In recent times, separatist tendencies have been rising in different regions of the world.

From Spain, to the United Kingdom, to the European Union as a whole, to countries as diverse as Sri Lanka, Kenya or Ethiopia--ideas of separating from the country (or the union) and 'going it alone', have become rather more popular in the last years.

But why?

There must be reasons for this trend. And perhaps it is not a bad thing after all? Would creating a new state solve many of the problems in

these countries?

So, let us first briefly examine the reasons why some might think it is a good idea to have a state of their own.

Of course, one of the main reasons is often discontent. The people may feel that the government of their country is not doing enough for them,

marginalizing or discriminating them. On the other hand, they may feel that the country their region is currently part of, is a burden to them, and so, if they could separate from it, and manage their own affairs, they would do rather better economically.

Considering this, it is perhaps not surprising that some have argued that, in part at least, the government is usually also responsible for the rise of separatist tendencies in a country.

But, be that as it may. Is separatism a good thing and such

tendency should be welcomed, not feared or loathed?

Some say that it is understandable that there are ideas of separatism among certain ethnic groups in some societies.

That may be so--everything has a cause.

But we have to understand the dangers of separatism. It can destroy a society.

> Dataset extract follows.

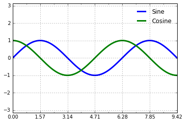 Matplotlib의 기본 눈금 형식은 아쉬운 점이 많을 수 있습니다. 광범위한 기본값으로 잘 작동하지만 때로는 다른 작업을 수행하고 싶을 수도 있습니다. 사인과 코사인 곡선의 플롯을 고려하십시오(다음 그림 참조).

Many wars and conflicts have, at least in part, been caused by separatist ideas. Whether--or to what extent--the 'ruling class' was responsible, or how and why these ideas gained popularity, is rather beside the point here. The fact is that they have resulted in war and conflict--throughout the history of the world.

But not only from history, can we learn the damage separatist ideas can do.

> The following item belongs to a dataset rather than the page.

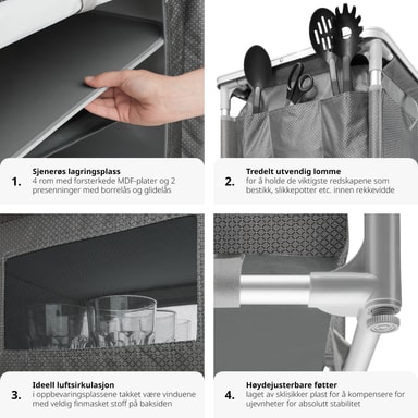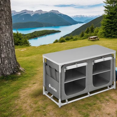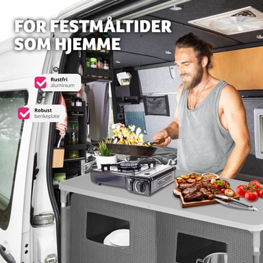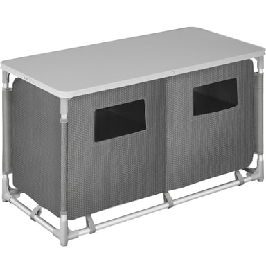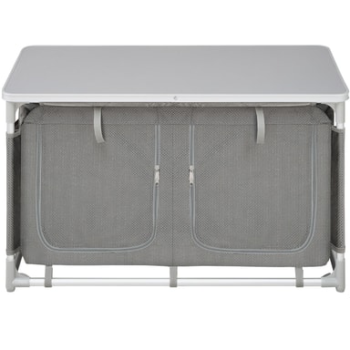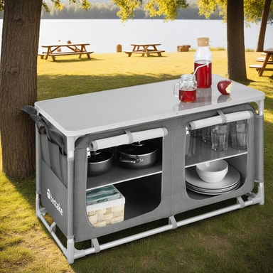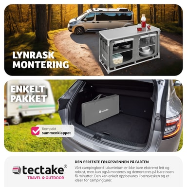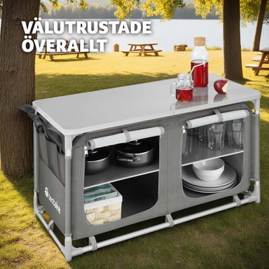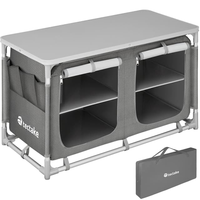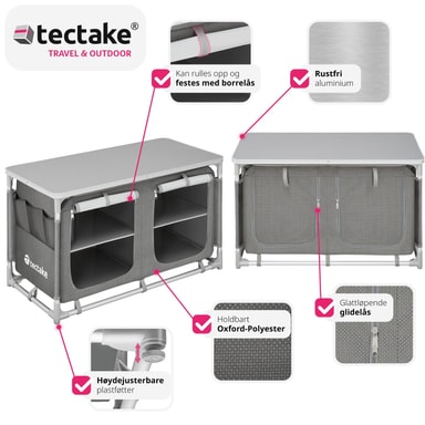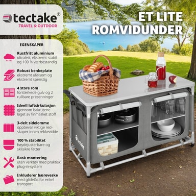 Det stabile campingkjøkkenet fra tectake er perfekt til din neste campingtur. Arbeidsflaten og de fire oppbevaringsrommene med innvendige plater i aluminium og netting, som sørger for god luftsirkulasjon, har god plass til kjøkkenutstyr. I den tredelte utvendige lommen på skapet kan du oppbevare mindre deler, som for eksempel bestikk. Siden de fire føttene på kjøkkenboksen kan justeres i høyden spiller det ingen rolle om underlaget er ujevnt. Lett å montere, kan pakkes kompakt: Det sammenleggbare campingkjøkkenet fra tectake passer perfekt til all slags bruk utendørs.

We can also look at current world affairs.

One of the most notable examples is Spain.

Many Catalans--a huge ethnic group with a lot of economic power--want to separate from Spain and have a state of their own. These ideas have become more and more popular in the last years. Many feel that they would do rather better if their prosperous region, that includes Barcelona, were to become an independent state. Whether they are right or not, depends, of course, on the view of the political analyst.

But that is beside the point. The fact is that now, the society has become quite unstable: unrests, protests, violence .... The society is being damaged.

Of course, there are countless other examples from history, including the formation of Eritrea or East Timor, or, more recently, the decision of the United Kingdom to leave the European Union.

We can see that, once these societal dynamics have developed too far, the ideas of separatism become too strong in the society, it cannot be stopped,

the separation has to be done, and that can result in chaos, war, civil war, a destroyed society.

It is not difficult to see that, if investigated closely, it is clear that separatism has not brought any society prosperity and peace--as the advocates like to claim--but, rather, war and conflict, or, at least, instability and economic uncertainty.

This means that every government should be extremely careful in handling separatist tendencies in the society.

Thus, it is understandable that, traditionally, governments have taken such tendencies very seriously.

Some have argued that, often, they are too heavy-handed, and that has, doubtless, sometimes been the case.

But, on the other hand, we must understand the gravity of the danger that separatism poses to a society.

Governments should be commended not criticizedfor taking it very seriously, and responding accordingly.